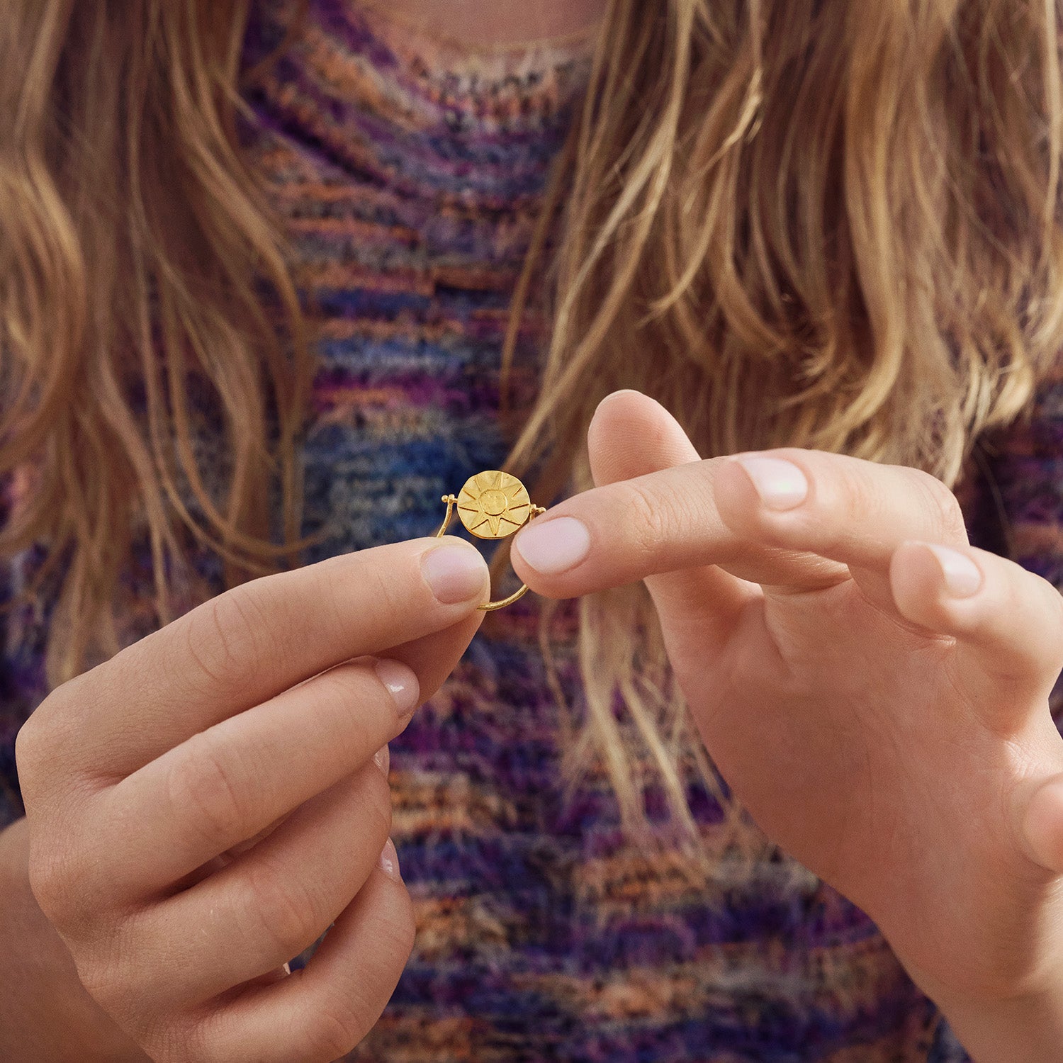 Sunna ringen er en del af Maanestens kollektion, der er kendt for at blande moderne trends med klassiske elementer. Den forgyldte finish giver ringen en luksuriøs følelse, mens det enkle design gør den til et alsidigt tilbehør, der kan bæres til enhver lejlighed. Uanset om du ønsker at forkæle dig selv eller finde den perfekte gave, er Sunna ringen et fremragende valg.
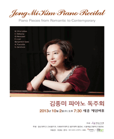 피아니스트 김종미는 예원, 서울예고를 거쳐 이화여대 음대를 수석 졸업하고 동 대학원에서 재학 중 유학하여 독일 하이델베르그-만하임 국립음대 대학원에서 K. A Diplom과 최고연주자 학위, 스위스 쥬리히 국립음대 대학원에서 Konzertreife Diplom을 취득하였다. 유럽에서의 활발한 활동을 뒤로 하고 귀국한 후 대학에서 후학을 양성하던 중, 1999년 도미하여 전액장학생으로 미국 피츠버그 카네기 멜론 대학 대학원을 졸업하여 아티스트 디플로마 학위를 받았다. 국내외에서 다수의 독주회, 협연, 듀오 등으로 꾸준한 음악적 활동을 펼치고 있으며, 2008년 6월에는 미국 South Carolina의 Charleston College 초청으로 Charleston Spoleto Festival에서 독주회를 하였다. 현재 칼빈대학교 교회음악과 교수로 재직 중이다.From PLAY Information
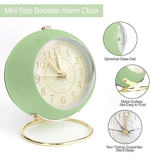Ertisa - Sveglia da comodino, mini sveglia silenziosa, senza ticchettio, con luce notturna, orologio al quarzo leggero classico per studenti/ragazzi/ragazze, alimentato a batteria (verde)

◆ ◆ ◆

WORK ORDER
The answer is the whole listing retyped exactly, with pictures omitted.

TASK RESPONSE
 Sunna ringen er en del af Maanestens kollektion, der er kendt for at blande moderne trends med klassiske elementer. Den forgyldte finish giver ringen en luksuriøs følelse, mens det enkle design gør den til et alsidigt tilbehør, der kan bæres til enhver lejlighed. Uanset om du ønsker at forkæle dig selv eller finde den perfekte gave, er Sunna ringen et fremragende valg.
 피아니스트 김종미는 예원, 서울예고를 거쳐 이화여대 음대를 수석 졸업하고 동 대학원에서 재학 중 유학하여 독일 하이델베르그-만하임 국립음대 대학원에서 K. A Diplom과 최고연주자 학위, 스위스 쥬리히 국립음대 대학원에서 Konzertreife Diplom을 취득하였다. 유럽에서의 활발한 활동을 뒤로 하고 귀국한 후 대학에서 후학을 양성하던 중, 1999년 도미하여 전액장학생으로 미국 피츠버그 카네기 멜론 대학 대학원을 졸업하여 아티스트 디플로마 학위를 받았다. 국내외에서 다수의 독주회, 협연, 듀오 등으로 꾸준한 음악적 활동을 펼치고 있으며, 2008년 6월에는 미국 South Carolina의 Charleston College 초청으로 Charleston Spoleto Festival에서 독주회를 하였다. 현재 칼빈대학교 교회음악과 교수로 재직 중이다.From PLAY Information
Ertisa - Sveglia da comodino, mini sveglia silenziosa, senza ticchettio, con luce notturna, orologio al quarzo leggero classico per studenti/ragazzi/ragazze, alimentato a batteria (verde)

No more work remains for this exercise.